Он быстро привык к жизни в лесу, она ему даже стала нравиться. Проживший всю сознательную жизнь в городах, он никогда не слышал такой полной, всеобъемлющей и ясной тишины, какая здесь царила по ночам, никогда не видел столько ярких звёзд, как в здешнем небе, да и воздух, коим он дышал до этого, никогда не был так свеж и чист, как в этом заколдованном лесу. В морозные дни, когда деревья одевались в белое, а на бутылочные донышки в окне ложилась изморозь, солнце сияло особенно ярко, и круглый купол неба заполняла такая бездонная синева, что было страшно на неё смотреть: а вдруг упадёшь туда, в эту синь, что тогда? Куда тогда?

Фриц не привык смотреть вверх. Небо для него всегда было чем-то маленьким, обычно — серенькой полоской между стиснутых домов, привычной, как потолок, и даже если удавалось иногда залезть на крышу, он никогда не оставался с ним наедине: вокруг были люди и дома, построенные этими людьми. А здесь между ними не было ничего, совсем ничего. Он таращился и вслушивался в небо, и небо словно говорило с ним. Только он не мог понять, зачем и для чего.

Что-то случилось с ним. Что-то случилось, пока он болел.

Фриц обошёл, облазил и обползал все окрестности старой шахты вплоть до самых мелких закутков и овражков, от круглой поляны на западе до большой сосны у старых терриконов.

С тех пор, как он переболел своей загадочной болезнью, он почему-то стал просыпаться рано — раньше всех. Он приносил воды и дров, разжигал огонь, и пока девушка занималась стряпнёй или вязанием, шатался по лесу, отыскивал кусты лещины с прошлогодними орехами, беличьи тайники и какие-то особенно кривые и красивые сучки и каппы, из которых потом пытался вырезать какие-то фигурки. Вервольф, похожий более на шило, мало был пригоден для резной работы, но другим ножом у мальчика не получалось вовсе. Со временем фигурок этих накопилось столько, что они уже не умещались на каминной полке и потихоньку расползались по углам, благо, места в доме было предостаточно. Травник всякий раз подолгу всматривался в вышедшую из-под рук мальчишки новую игрушку, ничего не говорил, лишь иногда кивал. Впрочем, как-то раз он тоже долго вертел в руках такую новую фигурку (тоже — ничего не говоря) потом вдруг бросил на мальчишку взгляд какой-то удивлённый, нахмурился, зашвырнул деревяшку в огонь и не отходил от камина, пока она не прогорела до углей. Фриц это запомнил.

Браслет, который сделал для мальчика травник, был неудобен и великоват, морозил руку, но вскоре Фриц к нему привык и носил, не снимая, в холода задвигая поглубже в рукав.

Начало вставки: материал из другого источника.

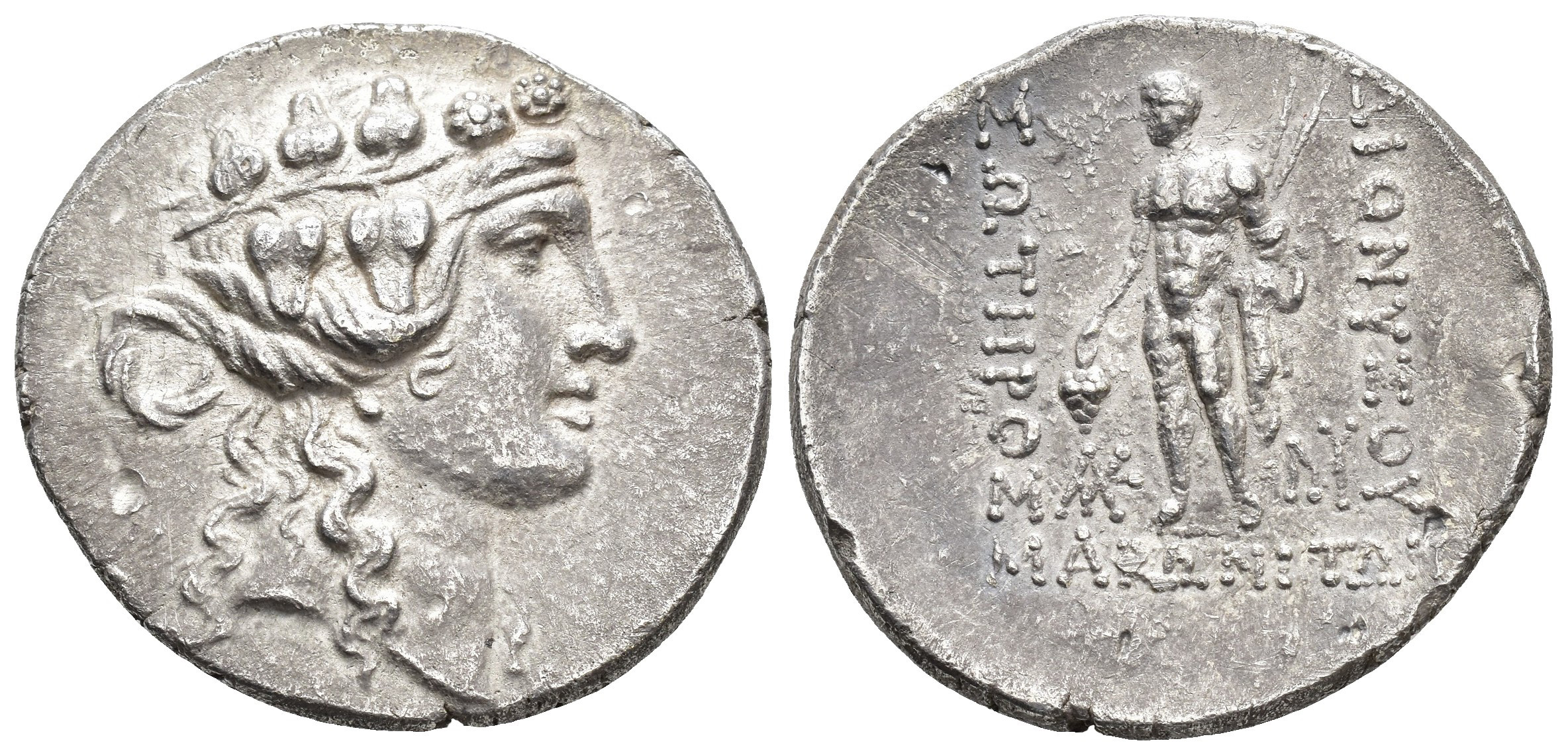 GRECIA ANTIGUA. TRACIA. Maroneia. Tetradracma (Post. 146 a.C.). A/ Cabeza de Dionisio a der. R/ Dionisio a izq. con dos lanzas, manto y racimo de uvas, a izq. Y der. monogramas. AR 16,2 g. 29,8 mm. COP-638 var. Monogramas. MBC.

Все попытки выяснить, зачем он, или обнаружить в нём что-нибудь волшебное, закончились ничем: на вид, на ощупь и на вкус это были самые обычные бронза и камень, хоть тресни.

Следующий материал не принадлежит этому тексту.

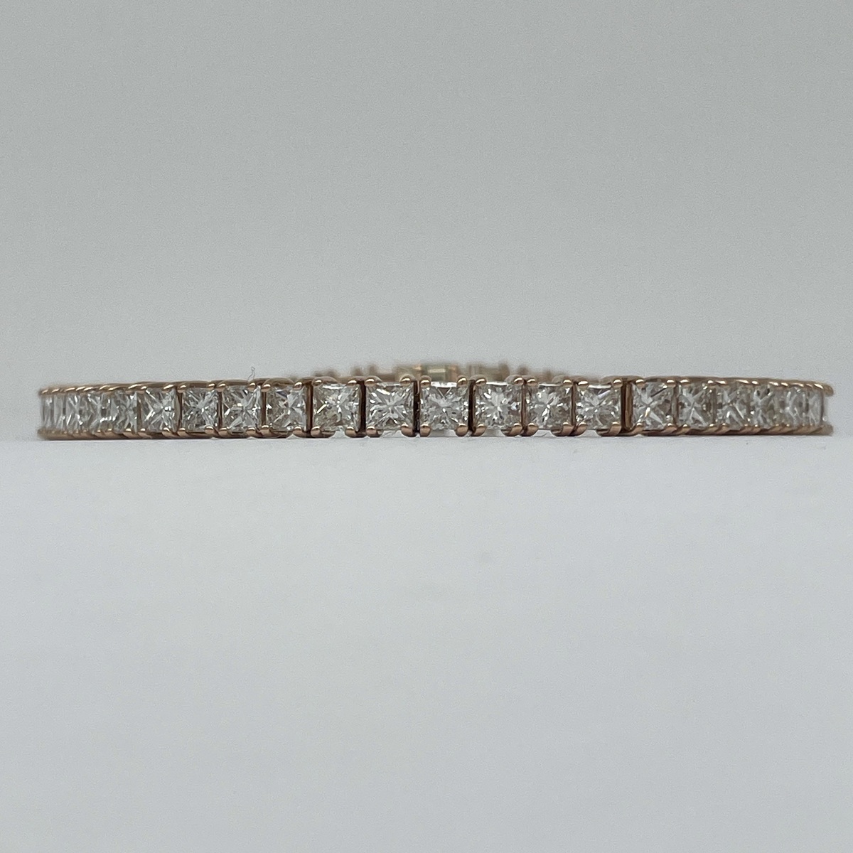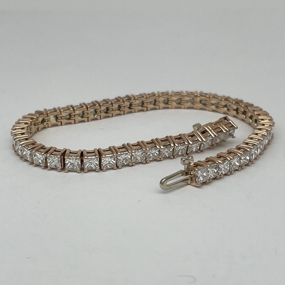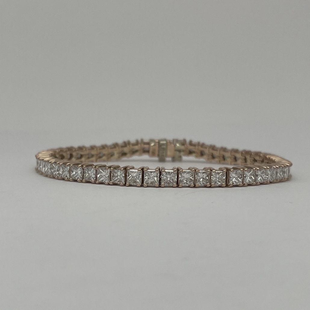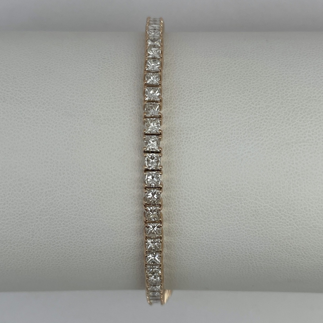 This 14k rose gold tennis bracelet is set with natural princess cut diamonds in four prongs setting.

Фриц размечал полянки крошевом следов, взбирался на деревья и карабкался на скалы, он знал теперь здесь каждое дупло и трещину, и там, где не хватало цепкости у пальцев и ногтей, ему всегда помогал его верный Вервольф. Как-то он нашёл гнездо сороки с крышей. В другой раз — фиолетовую друзу низкопробных аметистов. Однажды он отыскал каменный топор, со сколотым краем и без рукояти, но — вполне настоящий топор. А ещё как-то раз он расколол случайно подвернувшийся под руку камень и обнаружил внутри большую стрекозу с ладонь длиной, правда, мёртвую и какую-то не настоящую, а как будто нарисованную. Как она могла там оказаться, он решительно себе не представлял.